Bug #1984

hammer mount fails after crash - HAMMER: FIFO record bad head signature ..

Added by thomas.nikolajsen almost 4 years ago. Updated almost 4 years ago.

Status:NewStart date:
Priority:NormalDue date:
Assignee:-% Done:

0%

Category:-
Target version:-

Description

On master from February 6th, I had a system freeze during 'hammer cleanup'
on a x86_64 system using SMP kernel. System stopped responding on console and
network (e.g. escape to debugger didnt work).

After power cycling boot fails on mount of this root hammer file system.

Booting from another partition (i386) R/W mount of affected hammer file system
fails, but R/O mount succeeds, see below.

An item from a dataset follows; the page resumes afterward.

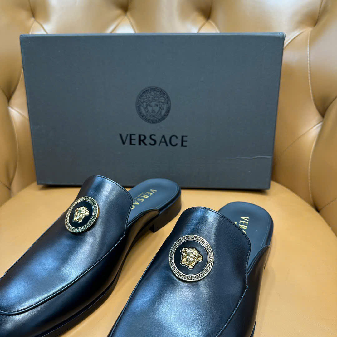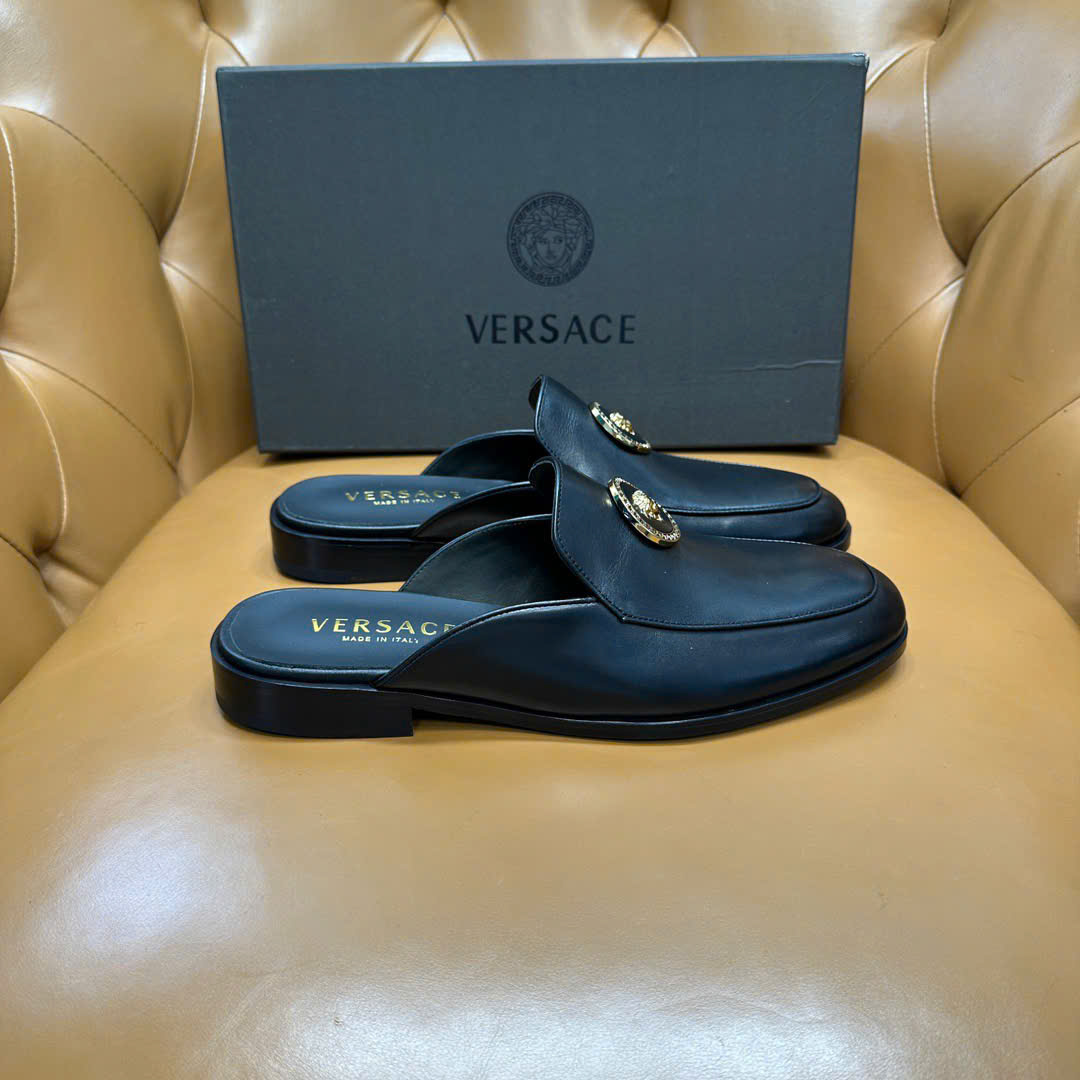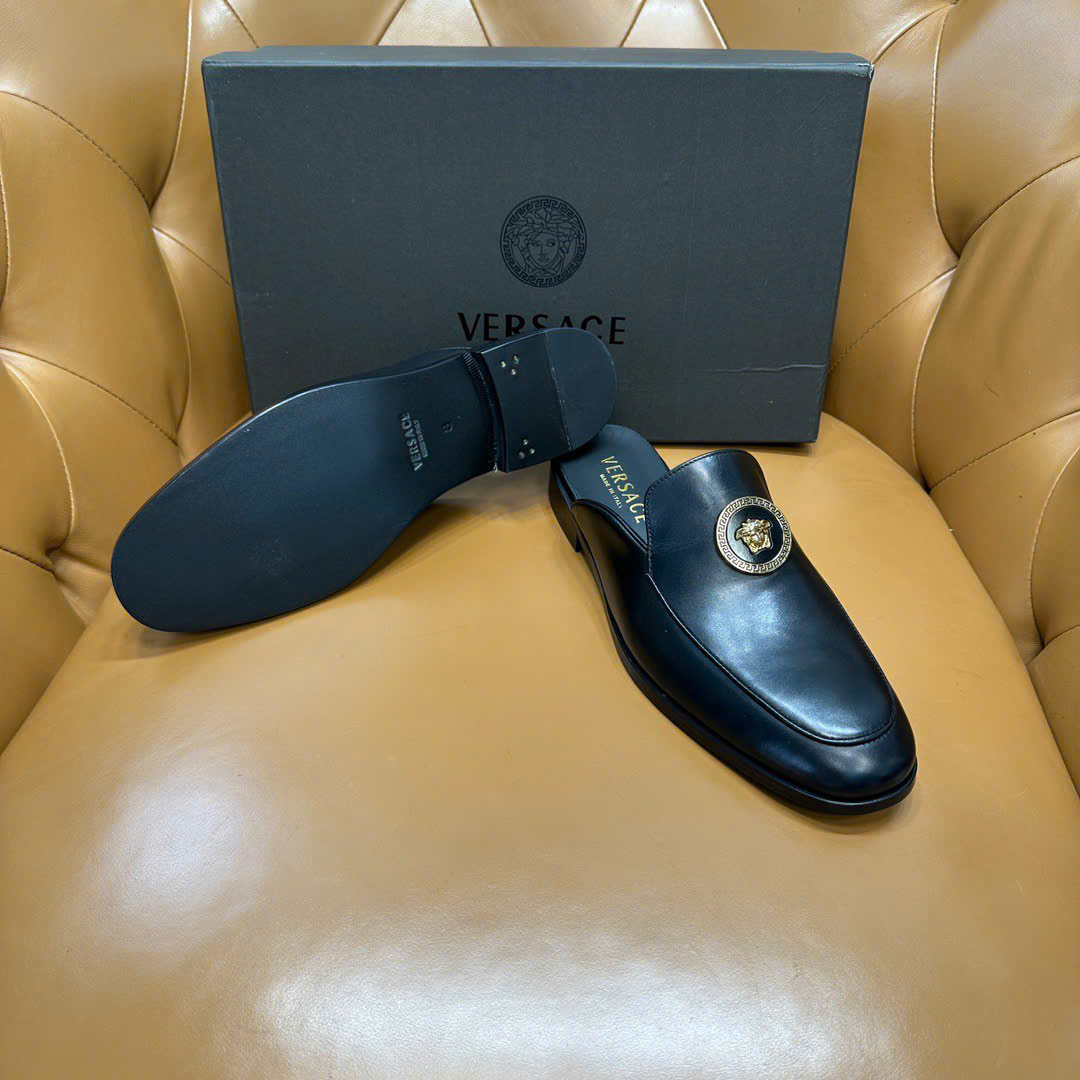 Ảnh chụp thật Sục nam Versace màu đen da trơn hoạ tiết logo tròn GLV19 hàng siêu cấp do xưởng sản xuất cung cấp.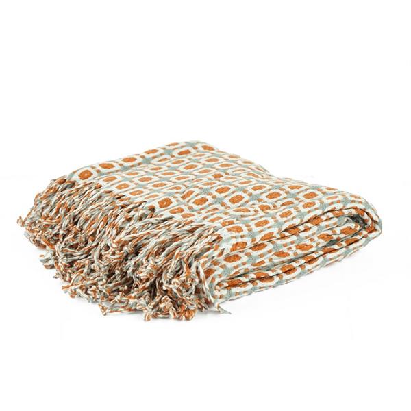 Nelle misure 130x170 cm e le comode frange sul bordo, la rendono versatile e multiuso: potrà fungere da coperta nelle sere fresche autunnali o semplicemente come complemento d'arredo per arricchire di stile il tuo divano. Con ricami colorati che variano dall'arancione, al bianco e al grigio doneranno colore e stile al tuo indoor.

I doesn't look like a disk error as it is quite new and I haven't experienced
errors reading or writing to this disk.

This file system doesn't contain any valuable data.

-thomas

- R/W mount fails:
HAMMER(ROOT64) recovery check seqno=008f373d
HAMMER(ROOT64) recovery range 3000000000242a80-30000000001c9a60
HAMMER(ROOT64) recovery nexto 30000000001c9a60 endseqno=00990a0a
HAMMER(ROOT64) recovery undo 3000000000242a80-30000000001c9a60 (108556256
bytes)(RW)
HAMMER(ROOT64) Found REDO_SYNC 3000000000159958
HAMMER(ROOT64) Ignoring extra REDO_SYNC records in UNDO/REDO FIFO.
HAMMER(ROOT64) Ignoring extra REDO_SYNC records in UNDO/REDO FIFO.
HAMMER(ROOT64) recovery complete
HAMMER(ROOT64) recovery redo 3000000000242a80-30000000001c9a60 (108556256
bytes)(RW)
HAMMER(ROOT64) Embedded extended redo 3000000000159958, -108097240 extbytes
HAMMER: FIFO record bad head signature a733 at 3000000000159958
HAMMER(ROOT64) Illegal UNDO TAIL signature at 3000000000159958
HAMMER(ROOT64) End redo recovery

- R/O mount succeeds:
HAMMER(ROOT64) recovery check seqno=008f373d
HAMMER(ROOT64) recovery range 3000000000242a80-30000000001c9a60
HAMMER(ROOT64) recovery nexto 30000000001c9a60 endseqno=00990a0a
HAMMER(ROOT64) recovery undo 3000000000242a80-30000000001c9a60 (108556256
bytes) (RO)
HAMMER(ROOT64) Found REDO_SYNC 3000000000159958
HAMMER(ROOT64) Ignoring extra REDO_SYNC records in UNDO/REDO FIFO.
HAMMER(ROOT64) Ignoring extra REDO_SYNC records in UNDO/REDO FIFO.
HAMMER(ROOT64) recovery complete
HAMMER: recovered aliased 800000037eeac000
HAMMER: recovered aliased 800000037ebc8000
HAMMER: recovered aliased 800000037eb94000
HAMMER: recovered aliased 800000037eb94000

History

#1 Updated by dillon almost 4 years ago

:New submission from Thomas Nikolajsen <>:
:
:On master from February 6th, I had a system freeze during 'hammer cleanup'
:on a x86_64 system using SMP kernel. System stopped responding on console and
:network (e.g. escape to debugger didnt work).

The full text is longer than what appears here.